Homens se revezam para dormir e manter as mulheres seguras, já que há muitos relatos de estupros e abusos sexuais .
Nas ruas de terra nada sinalizadas e ao lado de suas casas, com
as estruturas comprometidas pelo terremoto que atingiu o Sudoeste do Haiti no
último dia 14, moradores de Les Cayes, a terceira maior cidade do país, têm
dormido sobre o asfalto após a tragédia natural. Leia também: Gangues do Haiti
abrem caminho para ajuda humanitária no País Eles
temem que novas réplicas, que têm ocorrido em média duas vezes por dia na
região, possam acontecer enquanto dormem, à noite ou durante a madrugada,
podendo ceifar aquilo que ainda conseguem ter: Suas próprias vidas. E para as
mulheres é ainda pior. Com as ruas escuras, casos de violência sexual têm sido
citados com frequência pela população. As que são casadas, quando o sol se põe,
se preparam para dormir em cadeiras, tendas ou sobre lençóis postos no chão com
os filhos. Enquanto isso, os homens se revezam, dormindo sentados, para fazer a
segurança da família. É isso o que relata o eletricista Jean Louis Wilfranc, de
41 anos. "Nós não conseguimos dormir uma noite com sono direto desde que
aconteceu [o terremoto]. Nos revezamos entre vizinhos para que nada de mal
aconteça", diz. Sua principal ambição de vida, para o momento, é conseguir
uma doação de barraca. Leia mais: Haitianos buscam
trabalho sobre escombros para sobreviver A casa de
Wilfranc, onde ele relata viver desde que nasceu, está com várias fissuras.

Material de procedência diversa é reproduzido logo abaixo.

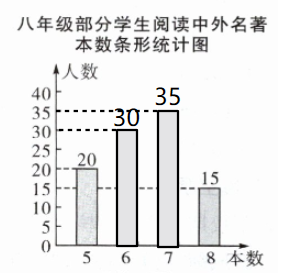 被调查学生2023年全年阅读中外名著本数的平均数为$\frac {5×20+6×30+7×35+8×15}{100}=$6.45.估计八年级全体学生2023年全年阅读中外名著的总本数约为$6.45×800=$5 160.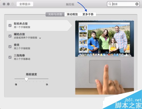 在觸控板設置窗口點擊“更多手勢”欄目,如圖所示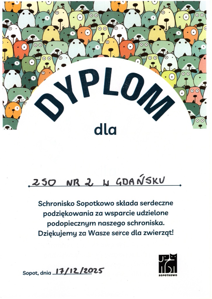 Dziękujemy wszystkim, którzy tak licznie i aktywnie włączyli się w tegoroczną akcję szkolną "Mikołaj dla zwierząt".Podczas kiermaszu ciast zebraliśmy imponującą kwotę 1977,30 zł, którą przekazaliśmy na potrzeby zwierząt ze schroniska Staruszkowo.Zebraną karmę przekazaliśmy schronisku Sopotkowo w Sopocie.Bardzo dziękujemy!Klasa 7d wraz z wychwawcą Wioletą Seń

Algumas vigas chegaram a entornar. É a segunda vez que um terremoto causou
avarias em sua residência. "Desta vez foi pior. Da outra vez, consegui
fazer pequenos reparos. Agora, não sei o que vou fazer", afirma. Ao
perceber que seu vizinho era entrevistado, o administrador de empresas Darbuze
Jean Horl, de 42 anos, se aproxima e desabafa. "Eu vivo aqui com minha
mulher e dois filhos. Imagina você ver seus filhos e sua mulher dormindo na
rua. Isso me toca como humano. Me falta dignidade humana. A gente não gostaria
de estar nessas condições, mas é a vida", diz. Conforme o horário vai
avançando e a noite começa a se aproximar da madrugada, as esquinas da cidade
passam a ter várias barricadas formadas com entulho. Os bloqueios são feitos
pelos próprios moradores, para que diminuam os riscos de atropelamento da
população que dorme sobre o asfalto. A tragédia atingou até mesmo aqueles que
têm uma condição social um pouco melhor. Frantz Gregoire, de 55 anos, afirma
ter estudado administração de empresas na Universidade de Massachussetts, nos
EUA, e ter servido à Marinha norte-americana entre os anos de 1985 e de 1989. Morador
de um apartamento em um edifício de dois andares ao lado situado ao lado do
mar, ele já começou a reconstruir as estruturas danificadas pelo tremor e suas
réplicas. Enquanto sua casa continua insegura para se viver, criou uma pequena
ocupação na esquina onde vive. Duas tendas espaçosas foram colocadas no meio da
rua. Sobre elas, uma lona azul foi colocada, para evitar que o sol, durante a
tarde, gere incômodo. À noite, enquanto as mulheres e as crianças dormem, os
homens colocam cadeiras em frente à televisão e assistem uma novela coreana.
Diferentemente da programação televisiva da tarde, que costuma mostrar
programas esportivos. O assunto interessa muito a Gregoire. Afinal, além de
administrador, ele também é presidente da liga de futebol de Les Cayes. Com
inglês fluente, ele afirma que sempre volta para os EUA, mas que se mantém
residente no Haiti por amar o país e, principalmente, a cidade de Les Cayes.